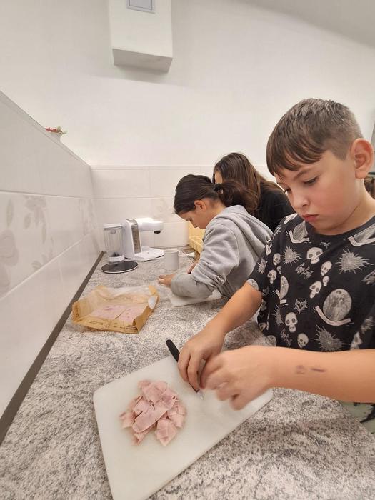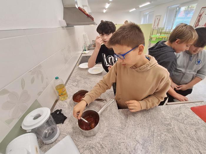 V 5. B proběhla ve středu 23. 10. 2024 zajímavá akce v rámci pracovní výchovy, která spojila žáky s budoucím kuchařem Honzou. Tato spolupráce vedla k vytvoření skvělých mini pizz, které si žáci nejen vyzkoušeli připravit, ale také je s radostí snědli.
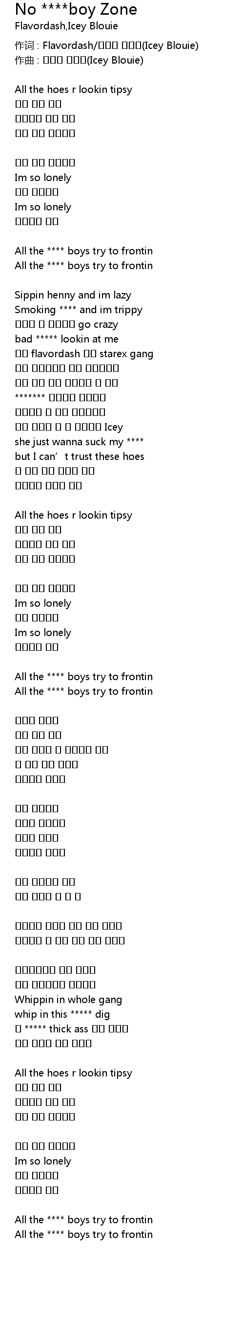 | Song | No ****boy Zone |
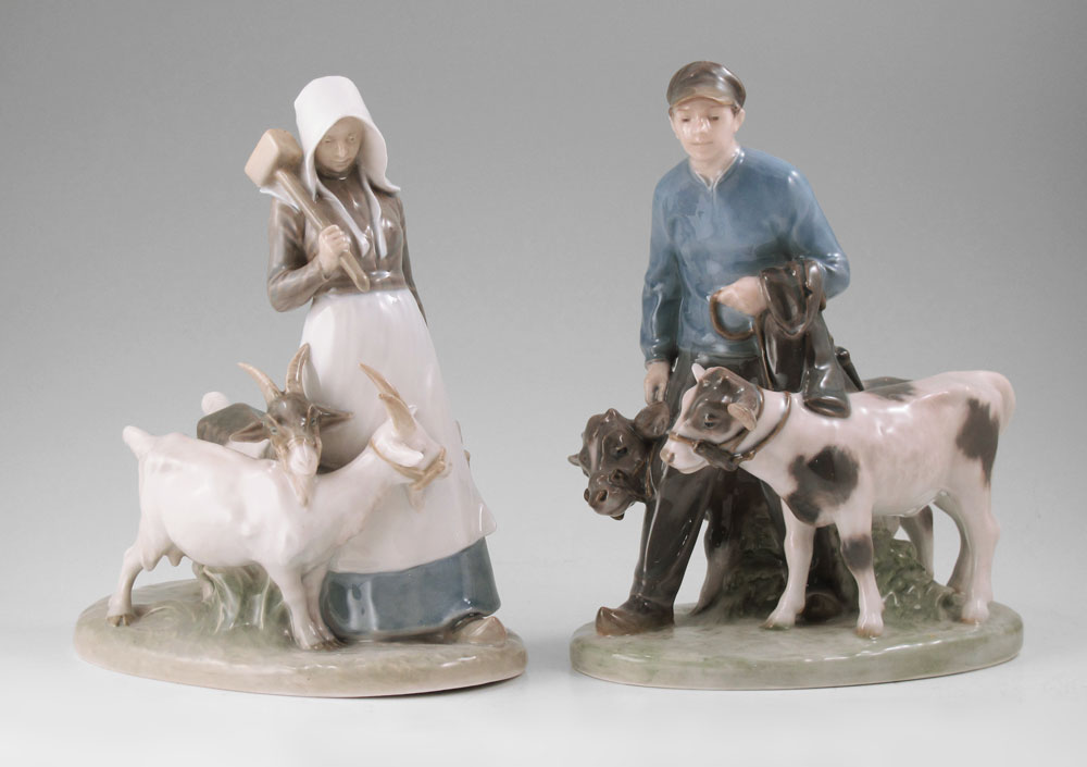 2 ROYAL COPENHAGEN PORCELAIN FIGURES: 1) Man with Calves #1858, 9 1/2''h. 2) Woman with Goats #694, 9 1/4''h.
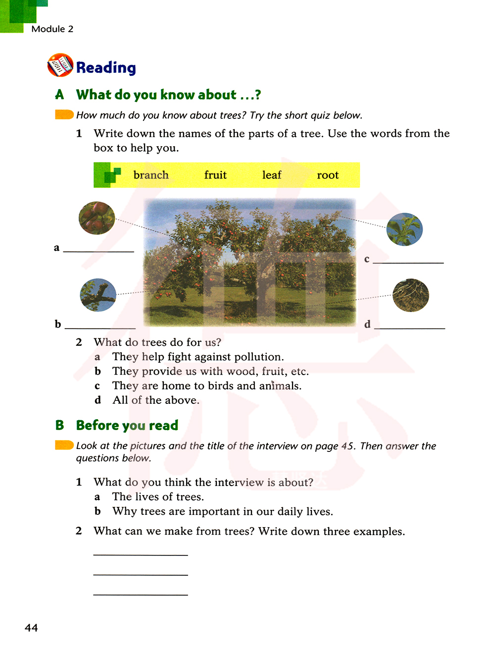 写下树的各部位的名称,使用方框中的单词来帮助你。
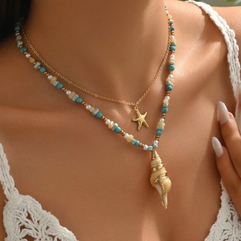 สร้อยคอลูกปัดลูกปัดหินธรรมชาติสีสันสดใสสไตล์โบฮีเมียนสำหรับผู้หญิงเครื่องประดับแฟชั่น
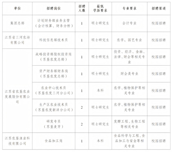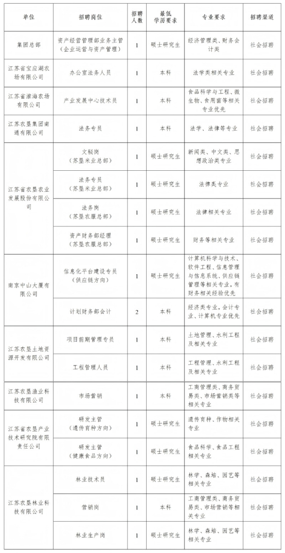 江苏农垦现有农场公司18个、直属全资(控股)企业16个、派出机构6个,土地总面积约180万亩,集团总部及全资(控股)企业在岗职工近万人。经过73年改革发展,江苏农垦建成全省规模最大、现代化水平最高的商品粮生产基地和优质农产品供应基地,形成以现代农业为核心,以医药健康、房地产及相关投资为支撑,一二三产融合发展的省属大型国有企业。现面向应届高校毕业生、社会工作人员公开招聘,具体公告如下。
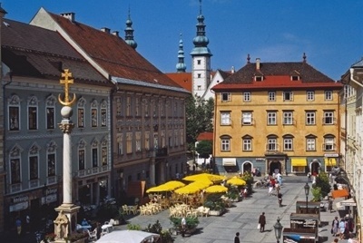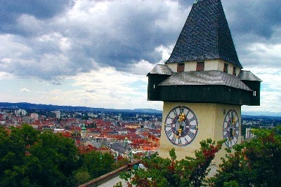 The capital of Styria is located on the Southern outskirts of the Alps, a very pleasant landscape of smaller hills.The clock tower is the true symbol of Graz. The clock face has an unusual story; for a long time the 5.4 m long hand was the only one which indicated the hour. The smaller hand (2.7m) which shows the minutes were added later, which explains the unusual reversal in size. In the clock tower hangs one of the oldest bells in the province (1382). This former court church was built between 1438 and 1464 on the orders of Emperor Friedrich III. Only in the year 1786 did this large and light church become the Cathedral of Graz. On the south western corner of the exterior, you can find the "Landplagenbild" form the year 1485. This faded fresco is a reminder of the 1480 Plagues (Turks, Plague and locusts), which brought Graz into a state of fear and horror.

--

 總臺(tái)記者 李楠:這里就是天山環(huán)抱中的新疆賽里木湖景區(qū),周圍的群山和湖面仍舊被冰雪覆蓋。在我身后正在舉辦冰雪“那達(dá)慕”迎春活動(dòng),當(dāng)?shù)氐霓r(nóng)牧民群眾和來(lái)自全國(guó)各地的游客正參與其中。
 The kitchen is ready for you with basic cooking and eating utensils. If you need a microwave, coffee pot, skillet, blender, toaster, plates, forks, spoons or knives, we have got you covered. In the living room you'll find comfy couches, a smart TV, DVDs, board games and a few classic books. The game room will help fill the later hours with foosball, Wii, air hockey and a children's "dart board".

==

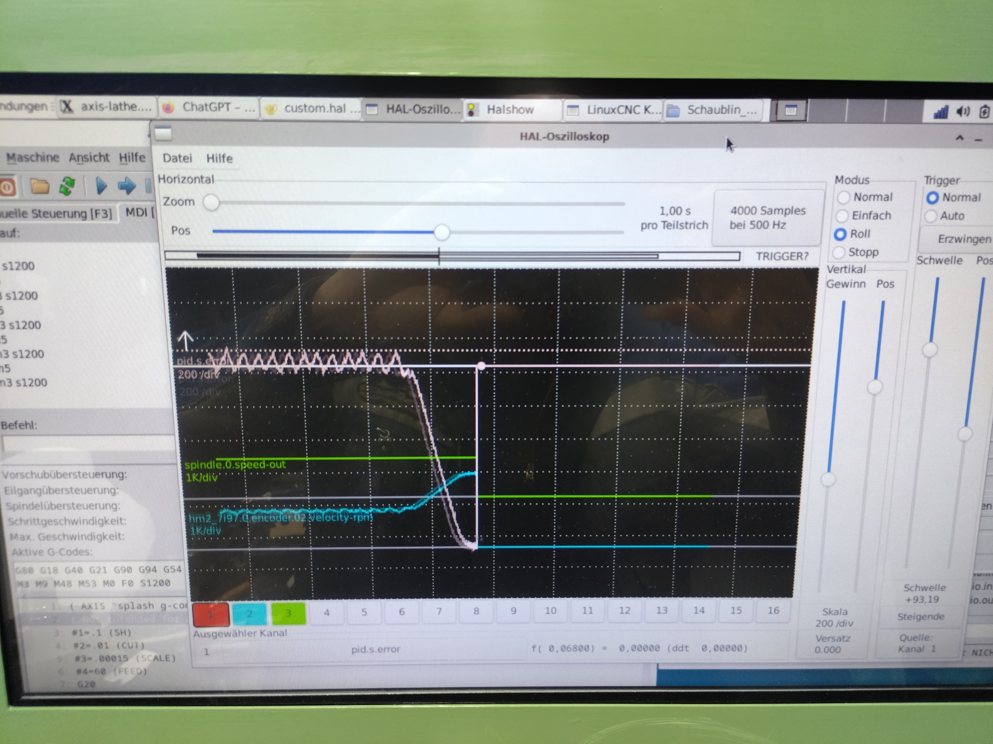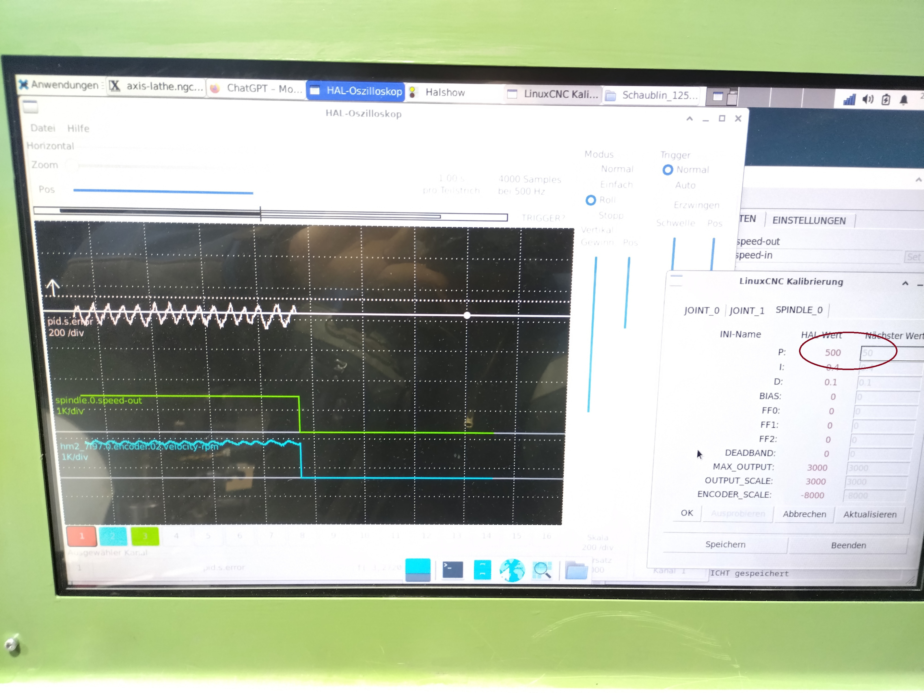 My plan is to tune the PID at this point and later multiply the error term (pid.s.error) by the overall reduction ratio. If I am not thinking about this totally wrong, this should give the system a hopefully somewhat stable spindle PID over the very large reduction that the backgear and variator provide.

- [TASK DETAILS]: Look above for the line containing "No ****boy Zone |" and the line containing "江苏农垦现有农场公司18个、", then reproduce both and everything between them exactly, pictures omitted.

- [RESPONSE BELOW]:
 | Song | No ****boy Zone |
 2 ROYAL COPENHAGEN PORCELAIN FIGURES: 1) Man with Calves #1858, 9 1/2''h. 2) Woman with Goats #694, 9 1/4''h.
 写下树的各部位的名称,使用方框中的单词来帮助你。
 สร้อยคอลูกปัดลูกปัดหินธรรมชาติสีสันสดใสสไตล์โบฮีเมียนสำหรับผู้หญิงเครื่องประดับแฟชั่น
 江苏农垦现有农场公司18个、直属全资(控股)企业16个、派出机构6个,土地总面积约180万亩,集团总部及全资(控股)企业在岗职工近万人。经过73年改革发展,江苏农垦建成全省规模最大、现代化水平最高的商品粮生产基地和优质农产品供应基地,形成以现代农业为核心,以医药健康、房地产及相关投资为支撑,一二三产融合发展的省属大型国有企业。现面向应届高校毕业生、社会工作人员公开招聘,具体公告如下。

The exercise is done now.